えー、やだ。照れちゃう。急にデレないでよー。
「えっと、ありがとう。でも、今日は初デートだから出来るだけ可愛く見られたいんだもん」
「風邪引いても知らないからな」
「心配してくれて、ありがとう」
本当ならバッグも小さくて可愛いのがあるんだけど、今日はクッキーも一緒だからね。色々お散歩グッズも持って行かないといけないから、少し大きめのバッグで可愛いのをチョイスした。
今日はクッキーも新しい首輪とリードを用意した。
とは言っても、買ったのはお母さんだけど。
初デートはクッキーたちも連れて行くと話したら、「それならクッキーもおめかししないとね」とペットショップに出掛けて行き、新しい首輪にリード、おやつを大量を抱えて帰ってきた。
「ネイビーのチェック柄の首輪とは、クッキーもお洒落さんだね」
「わふっ」
新しい首輪を見せびらかすように、鼻をくっと上に向ける。
気に入ったみたいでよかった。
今か今かと奏くんが迎えにくるのを待っていると玄関のチャイムが鳴る。
「きた! お母さん、行ってくるね」
「ちょっと待って、お母さんもご挨拶したいわ」
「えー……奏くん緊張しないかな」
「本当に軽く挨拶するだけよ」
「うーん、いいけど……」
大丈夫かな。急にお母さんを紹介することになっちゃったけど……家に迎えにきてもらってる時点で遭遇するかもしれないとは思ってくれてるかな。
玄関を開けると獅子丸くんを抱っこした奏くんが立っていた。
私があげたネックウォーマーしてきてくれたんだ。嬉しい……
私も奏くんからもらったブレスレットつけてきてるよ。コートに隠れて見えないかもしれないけど。
「まぁまぁ、本当にイケメンくんね」
「え……」
「あら、ごめんなさいね。茉莉絵の母です。いつも娘がお世話になっています」
「え、いえ、こちらこそ、茉莉絵さんにはお世話になってます」
どうしよう、少し焦ってる。いきなりで驚かせちゃったよね。
「お母さん、もういいよね。
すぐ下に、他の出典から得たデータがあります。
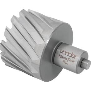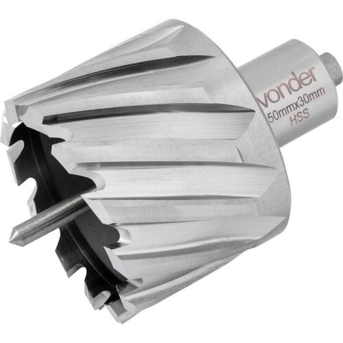 Ref. Fornecedor 5310050030Marca: VonderConteúdo da Embalagem:1 Broca anular. Acompanha: 1 pino guia/extrator de 6,35 mm x 77 mmDestaques e diferenciais:Proporciona corte macio e com bom acabamento, o encaixe padrão Weldon 19 mm garante perfeita fixação e segurançaAplicações e dicas de uso:Indicada para metais, desenvolvida para furadeiras de base magnéticaCaracterísticas Técnicas:Diâmetro da broca mm : 50,00 mm Comprimento total: 62,0 Comprimento útil da broca: 30,0 mm Tipo do encaixe: Weldon 19 mm Ean: 7893946677671

私たち行くから」
「ちょっと、もう……行ってらっしゃい」
これ以上お母さんの話に付き合わせるのは可哀想だったため、奏くんの手を取り家から離れた。
「急にお母さん出てきて驚いたでしょ?」
「あー、まぁ、ちょっとな」
「挨拶だけしたいって言うから……ごめんね」
「いや、別にそこまで嫌なわけじゃないから気にしなくていいよ」
「ありがと……それにしても、どうして獅子丸君を抱っこしてるの?」
「人の家の前で何かしたら不味いなと思って、念の為抱えといた」
「そうだったんだ。獅子丸くんはお利口さんだから、悪いことしないもんね」
「わんっ!」
「よしよし、良い子だね。あれ、獅子丸くんも首輪新しくしたのかな?」
いつもと違うボルドーカラーの首輪が黒い毛と良く合っていて格好良い。
「これは……母さんが」
「もしかして、奏くんのお母さんも初デートだから獅子丸くんもお洒落しようって言ってた?」
「俺の母さんもってことは、もしかして……」
「そう、うちのお母さんもデートについて行くからおめかししないとねって言って新しい首輪買ってきたんだよね」
「ストラップといい首輪といい、俺らの親考え方とか好み似てるよな」
「本当だね」
本当に考えることが同じすぎてびっくりする。
だから、奏くんともこんなに気が合うのかな。
今日行くドッグカフェは駅とは反対方向にあるため、あまり行ったことがない場所だった。
民家は隣接していなく、犬の鳴き声とかに考慮した立地なのかなと思った。
「へぇ、変わってるな。普通のテーブルがこたつ仕様になってるのか」
「この時期限定みたいだよ。なんか良いよね」
「寒いからコートは脱げないけど、足元は暖かいから悪くないな」
「犬用のハウスも下に電気カーペットが敷いてあるし、毛布も入れてあるから暖かそうで良かった」
「獅子丸が小さいから一緒のハウスに入れるのもなんか可愛いな」
「ね! めっちゃ可愛い。もう写真撮らずにはいられないよ」
本当にもこもこハウスが可愛すぎだし、餌入れや水飲み用の器も肉球の形をしていたりと凝っていて、お気に入りのお店になった。常連になりそう。
写真をいろんな角度から撮っていると、店員さんが紅茶とフレンチトーストを持ってきてくれた。
冷たいアイスとフルーツ、暖かいフレンチトーストが良い感じ。
「お客様、よろしければお写真お撮りしましょうか?」
「え?」
「愛犬と一緒に写真を撮られるお客様も多くいらっしゃいますので、宜しければと」
撮りたい……奏くんとの初デートに記念写真撮りたいな……そう思いながら、奏くんの方を見ると「お願いします」と一言言って、スマホを手渡していた。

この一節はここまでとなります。